Memória: Aloysio de Andrade Faria, Shere Hite e Terence Conran
O modernizador dos bancos, a sexóloga americana e o designer inglês
A discrição e a paixão por cavalos e obras de arte eram as marcas de Aloysio de Andrade Faria, o gastroenterologista mineiro que ajudaria a construir a face moderna do mercado financeiro no Brasil. Em 1948, ele e o irmão mais novo, Gilberto, herdaram do pai o Banco da Lavoura — gênese do que seria o Banco Real, fundado em 1971 e vendido em 1998 ao holandês ABN Amro, depois comprado pelo Santander. Em mais de oitenta anos de intensa atividade profissional, Faria criou um grupo empresarial que incluía o Banco Alfa — erguido depois da venda do Real —, a rede de hotéis Transamérica, a cadeia de loja de materiais de construção C&C, a fabricante de água mineral Águas da Prata, a sorveteria La Basque e emissoras de rádio. Uma placa onipresente nas companhias do empresário indicava seu estilo de trabalho: “Ordem sem progresso é inútil, progresso sem ordem é falso”. Disse o ex-ministro da Fazenda Antônio Delfim Neto: “Ele pensou sempre em um sistema financeiro sofisticado e eficaz, como instrumento de um desenvolvimento seguro e mais equânime. Tinha aquela sabedoria que combinava o saber prático e um ideal de justiça”. Faria completaria 100 anos em novembro. Morreu em Jaguariúna, no interior de São Paulo, em 15 de setembro, de causas naturais.
Uma revelação feminina
Em 1976, um livro explodiu como manifesto em todo o mundo, O Relatório Hite — Um Profundo Estudo sobre a Sexualidade Feminina. Sua autora, a sexóloga americana Shere Hite, entrevistou 3 000 mulheres, de até 78 anos, para que relatassem suas experiências de prazer. A estrondosa revelação hoje soa quase ingênua: as mulheres podem atingir orgasmos sem relação sexual convencional, e mesmo sem a presença de um homem. Shere tinha 77 anos. Morreu em Londres, em 9 de setembro, de causas não reveladas pela família.
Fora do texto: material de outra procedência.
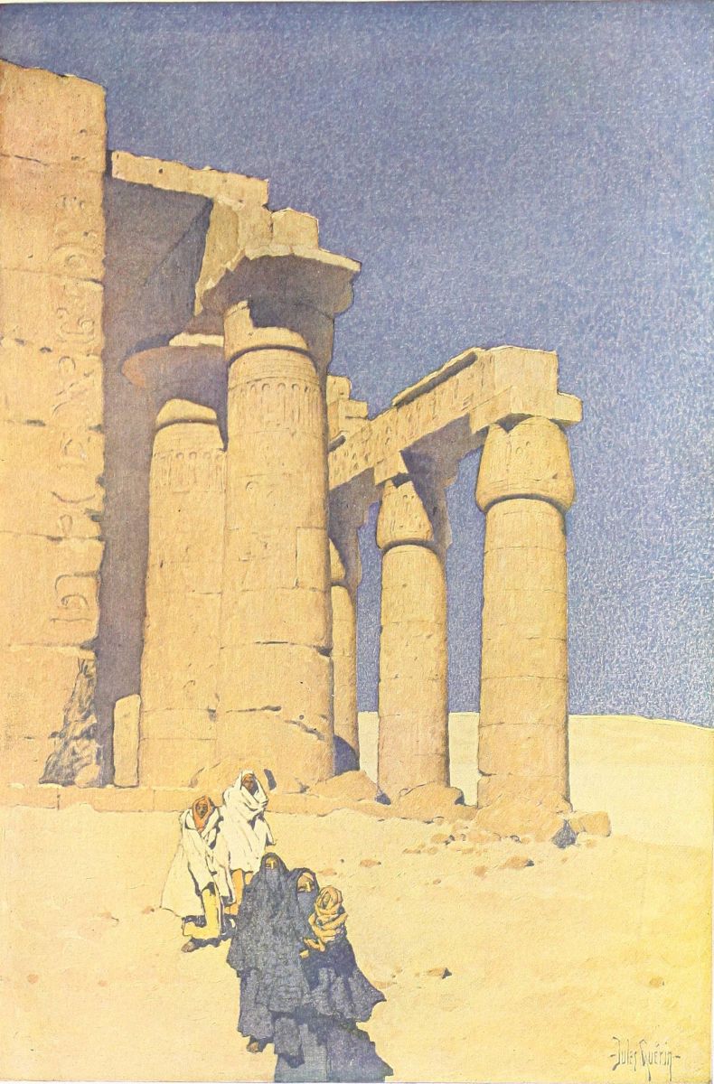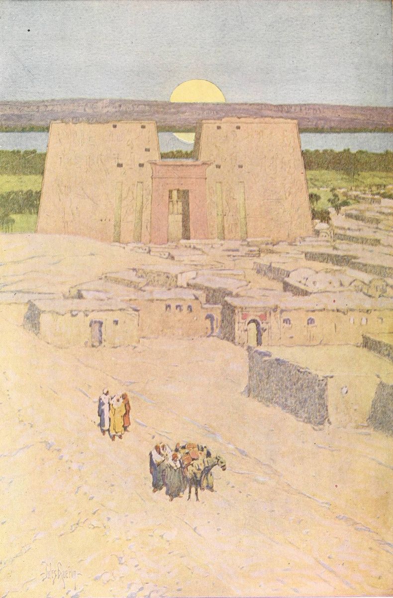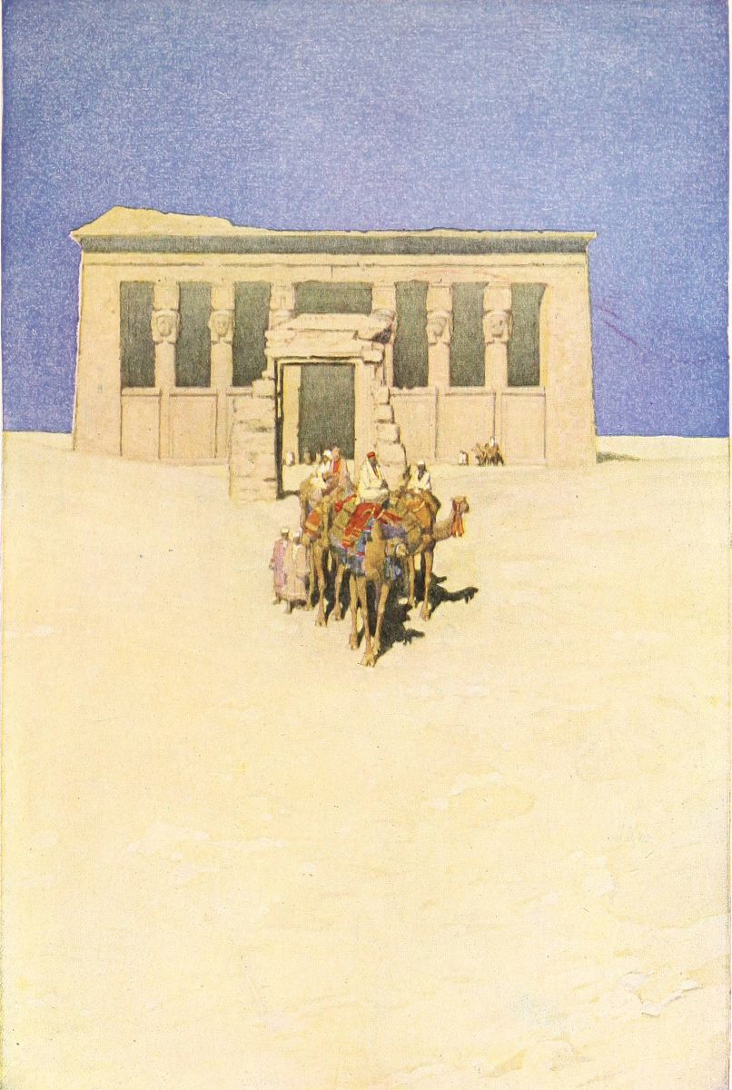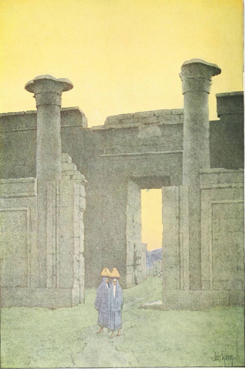 FROM Abydos, home of the cult of Osiris, judge of the dead, I came to Denderah, the great temple of the “Lady of the Underworld,” as the goddess Hathor was sometimes called, though she was usually worshiped as the Egyptian Aphrodite, goddess of joy, goddess of love and loveliness. It was early morning when I went ashore. The sun was above the eastern hills, and a boy, clad in a rope of plaited grass, sent me half shyly the greeting, “May your day be happy!”

O inventor da elegância britânica
Cego do olho esquerdo de nascença, o designer inglês Terence Conran ajudou a construir a imagem do Reino Unido como um lugar de apreço por móveis e objetos caprichados, modernos mas sem exageros, como se tivessem sido retirados das salas domésticas para as prateleiras do comércio. A Habitat, a sua mais celebrada e bem-sucedida loja, influenciaria outros negócios pelo mundo todo, como a sueca Ikea e, no Brasil, a Tok&Stok. Conran foi sempre celebrado por ter suprido uma suposta falta de gosto da cultura britânica por ideias mais elegantes — introduziu a gastronomia francesa de estilo bistrô em endereços cafonas, apresentou as cadeiras escandinavas, as luminárias italianas e os móveis de linhas retas. Bem-humorado, ele mesmo pedia crédito por ter impulsionado a vida sexual dos ilhéus ao lhes apresentar o edredom. O centro de suas atividades era o bairro de Chelsea, entre a nobreza do Velho Mundo e a gentrificação. Tinha 88 anos. Morreu em Berkshire, na Inglaterra, em 12 de setembro, de causas não reveladas pela família.